The Talent

April 1, 2009 12:31 PM

NYC Lawyers Mull Career Switches

Posted by Nate Raymond

More than 110 lawyers in New York City packed a small room Tuesday night to mull if the financial crisis might present an opportunity to escape the law.

Lawyers at the offices of the New York City Bar Association listened to former lawyers who'd left their law firm careers to go into academia, career coaching, and yoga. The event was the second of two panels the association was hosting for lawyers trying to make sense of the troubling job market.

One underlying message recurred throughout the event: Tread cautiously if you're looking to leave the law, because in this recession, and beyond, it's unlikely that a law firm will hire you back once you've left the profession.

"It's just such a flooded market," said Melissa McClenaghan Martin, a former Fried, Frank, Harris, Shriver & Jacobson associate who has since gone into career coaching and founded diversity consulting firm Career Women's Initiative. "If you want to stay in the law, I'd do something as tied to the law as possible."

That said, if you're ready to leave the law behind for good, then a switch is possible, panelists concurred.

Emphasizing nonlegal skills is essential in making the jump, according to the participants. Going back to school isn't necessarily needed to gain nonlegal skills, and panelists advised against quitting your day job before securing another job.

Michael DeCosta, a senior client partner at Korn/Ferry International, said lawyers exploring a career change can instead take on extracurricular activities inside their firms to build up resumes with skills unrelated to the law. Joining committees at a law firm is one way to pick up skills or experiences unrelated to a legal practice, he said. "You have to pick up the experience," he said.

And don't forget to capitalize on nonlegal skills you've already picked up in your job. Alexandra DaPolito Dunn was the general counsel of the National Association of Clean Water Agencies before she decided to go into academia. She hadn't published academic papers, a setback for making the switch. But she did realize she had management experience through her general counsel job, which helped her get a job as assistant dean of environmental law programs at Pace Law School in New York.

For all the panelists, making the career change meant sacrificing pay. "I took a pretty significant pay cut to move into academia," Dunn said. "I did not run the numbers, and if I had, I probably wouldn't have." McClenaghan Martin likewise remembered looking at her first post-law tax return and feeling sick.
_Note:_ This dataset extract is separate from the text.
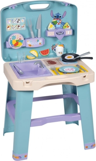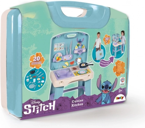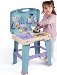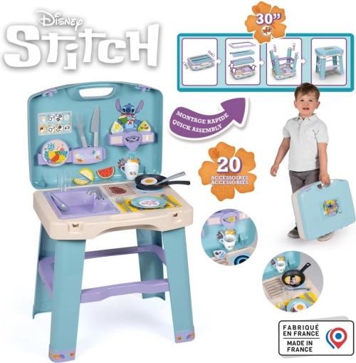 Ta kuchnia dla dzieci zmienia się z walizki w pełnoprawne studio kuchenne w kilku prostych krokach – wystarczy ją rozłożyć, założyć nóżki i można zaczynać gotowanie. Wesoły motyw DISNEY STITCH pobudza wyobraźnię i zabawę w odgrywanie ról, dzięki czemu dzieci spędzą długie godziny na wciągającej zabawie.

Connie Vasquez, who now splits her time between a litigation practice at Mazur Carp Rubin & Schulman and running a work-life balance consulting firm called AlchemESQ, said money also was an issue when she first started her business.

"When it got difficult, I really had to remember why I was doing it," she said.

While starting a business is an option, panelists cautioned that the current economy will pose extra challenges to that end.

"Any time you start a new business, failure is hovering above you," McClenaghan Martin said. While her firm began with a focus on diversity, lately because of the recession it's had to branch out into other streams, she said.

And there are, of course, issues outside the economy making it hard for lawyers to start a new venture.

"Most attorneys aren't entrepreneurial by nature," DeCosta said. "It's so hard to trigger that piece."